ModelSizeRAM RequiredBest For
phi2.7B4GBQuick tasks, low resources
mistral7B8GBGeneral purpose
llama3.28B10GBBalanced performance
llama3.2:70b70B48GB+Maximum quality
codellama7B8GBCode generation

Running a Model

# Interactive chat
ollama run llama3.2

# Run with a prompt
ollama run mistral "Explain quantum computing in simple terms"

# List downloaded models
ollama list

# Remove a model
ollama rm modelname

Using Ollama API

Basic API Call

curl http://localhost:11434/api/generate -d '{
  "model": "llama3.2",
  "prompt": "What is machine learning?",
  "stream": false
}'

Streaming Response

curl http://localhost:11434/api/generate -d '{
  "model": "llama3.2",
  "prompt": "Write a poem about coding",
  "stream": true
}'

Chat API

curl http://localhost:11434/api/chat -d '{
  "model": "llama3.2",
  "messages": [
    {"role": "user", "content": "Hello!"}
  ]
}'

Python Integration

Using Official Ollama Library

import ollama

# Simple generation
response = ollama.generate(
    model='llama3.2',
    prompt='Explain Python decorators'
)
print(response['response'])

# Chat
response = ollama.chat(
    model='llama3.2',
    messages=[
        {'role': 'user', 'content': 'Why is the sky blue?'}
    ]
)
print(response['message']['content'])

# Streaming
for chunk in ollama.chat(
    model='llama3.2',
    messages=[{'role': 'user', 'content': 'Tell me a story'}],
    stream=True
):
    print(chunk['message']['content'], end='', flush=True)

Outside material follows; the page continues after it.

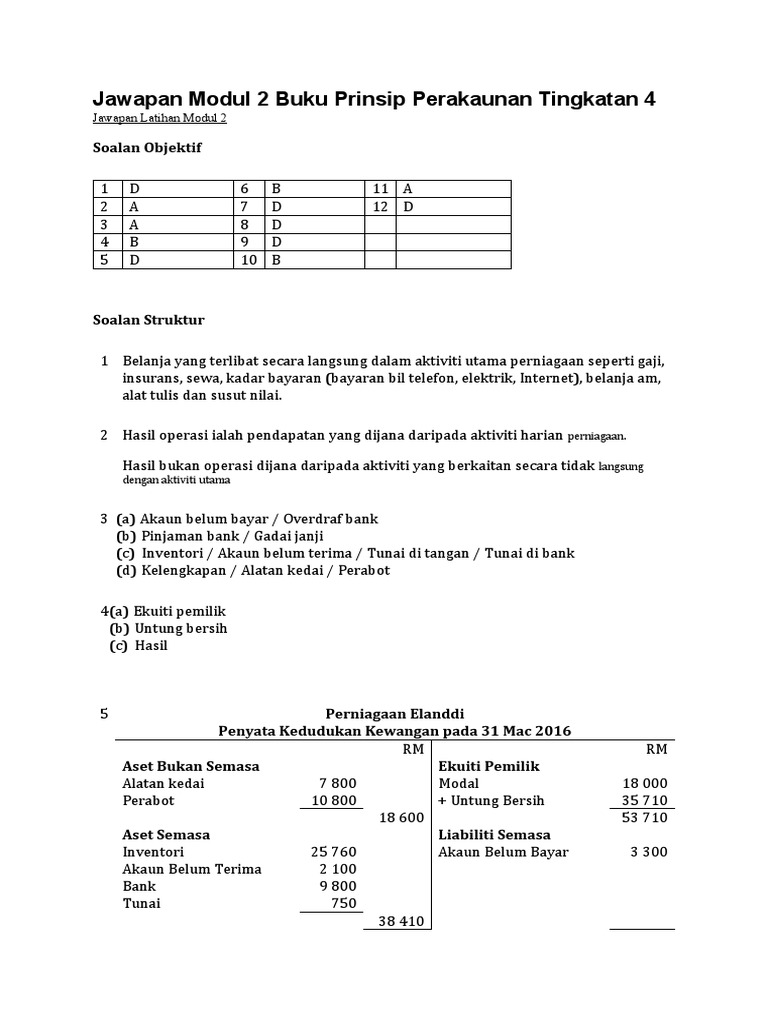 Jawapan Prinsip Perakaunan Tingkatan 4

Using LangChain with Ollama

from langchain_community.llms import Ollama
from langchain_core.prompts import ChatPromptTemplate
from langchain_core.output_parsers import StrOutputParser

# Initialize
llm = Ollama(model="llama3.2")

# Simple chain
prompt = ChatPromptTemplate.from_template("Explain {topic} simply.")
chain = prompt | llm | StrOutputParser()

result = chain.invoke({"topic": "neural networks"})
print(result)

OpenAI-Compatible API

Ollama provides an OpenAI-compatible endpoint:

from openai import OpenAI

client = OpenAI(
    base_url='http://localhost:11434/v1',
    api_key='ollama'  # Required but unused
)

response = client.chat.completions.create(
    model="llama3.2",
    messages=[
        {"role": "user", "content": "Hello!"}
    ]
)

print(response.choices[0].message.content)

Creating Custom Models

Modelfile Basics

# Modelfile
FROM llama3.2

# Set parameters
PARAMETER temperature 0.7
PARAMETER top_p 0.9
PARAMETER num_ctx 4096

# Set system prompt
SYSTEM """You are a helpful coding assistant. You provide clear, 
well-commented code examples and explain your reasoning."""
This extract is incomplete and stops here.